=== Section Start ===
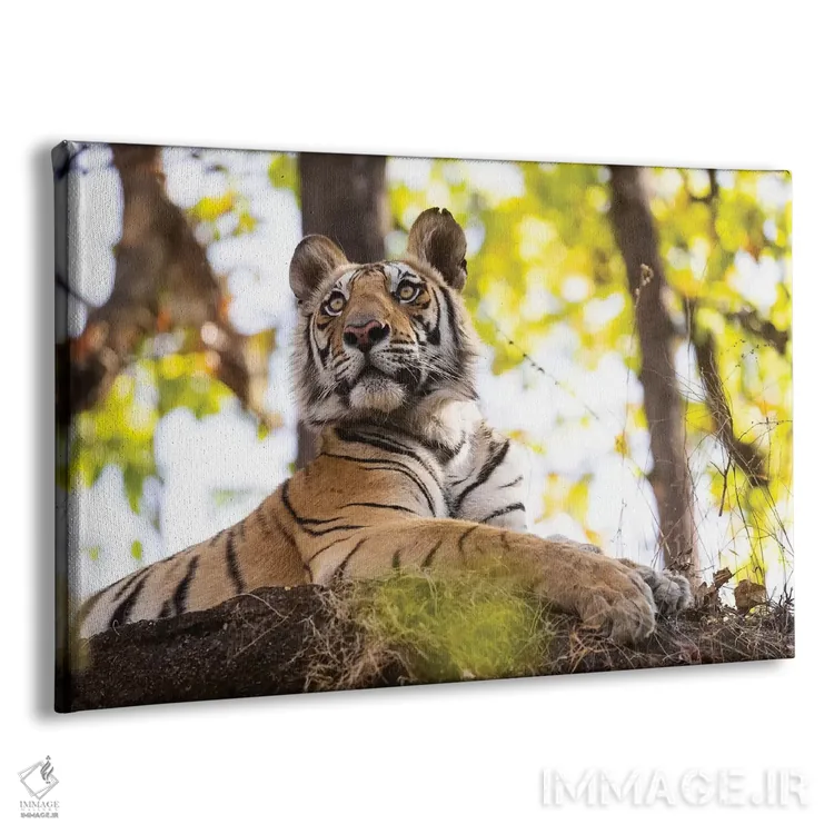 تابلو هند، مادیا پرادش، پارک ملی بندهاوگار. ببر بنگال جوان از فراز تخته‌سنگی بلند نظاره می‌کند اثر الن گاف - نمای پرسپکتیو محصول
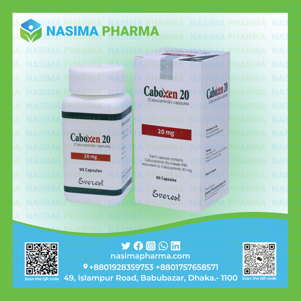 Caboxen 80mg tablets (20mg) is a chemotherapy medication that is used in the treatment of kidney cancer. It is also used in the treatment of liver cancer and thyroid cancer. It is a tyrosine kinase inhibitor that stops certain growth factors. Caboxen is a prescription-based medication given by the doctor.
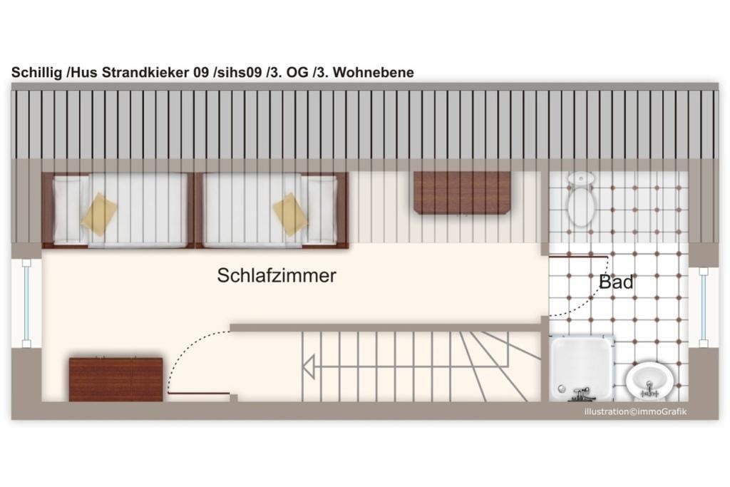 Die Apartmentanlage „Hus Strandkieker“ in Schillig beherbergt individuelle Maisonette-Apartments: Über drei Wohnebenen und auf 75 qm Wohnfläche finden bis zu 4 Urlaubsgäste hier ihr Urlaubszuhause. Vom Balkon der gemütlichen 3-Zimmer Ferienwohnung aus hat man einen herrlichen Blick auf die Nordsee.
=== Section End ===
▶ _Problem_
Any images must be dropped; all other material is to be printed exactly.

▶ _Answer to the problem_
 تابلو هند، مادیا پرادش، پارک ملی بندهاوگار. ببر بنگال جوان از فراز تخته‌سنگی بلند نظاره می‌کند اثر الن گاف - نمای پرسپکتیو محصول
 Caboxen 80mg tablets (20mg) is a chemotherapy medication that is used in the treatment of kidney cancer. It is also used in the treatment of liver cancer and thyroid cancer. It is a tyrosine kinase inhibitor that stops certain growth factors. Caboxen is a prescription-based medication given by the doctor.
 Die Apartmentanlage „Hus Strandkieker“ in Schillig beherbergt individuelle Maisonette-Apartments: Über drei Wohnebenen und auf 75 qm Wohnfläche finden bis zu 4 Urlaubsgäste hier ihr Urlaubszuhause. Vom Balkon der gemütlichen 3-Zimmer Ferienwohnung aus hat man einen herrlichen Blick auf die Nordsee.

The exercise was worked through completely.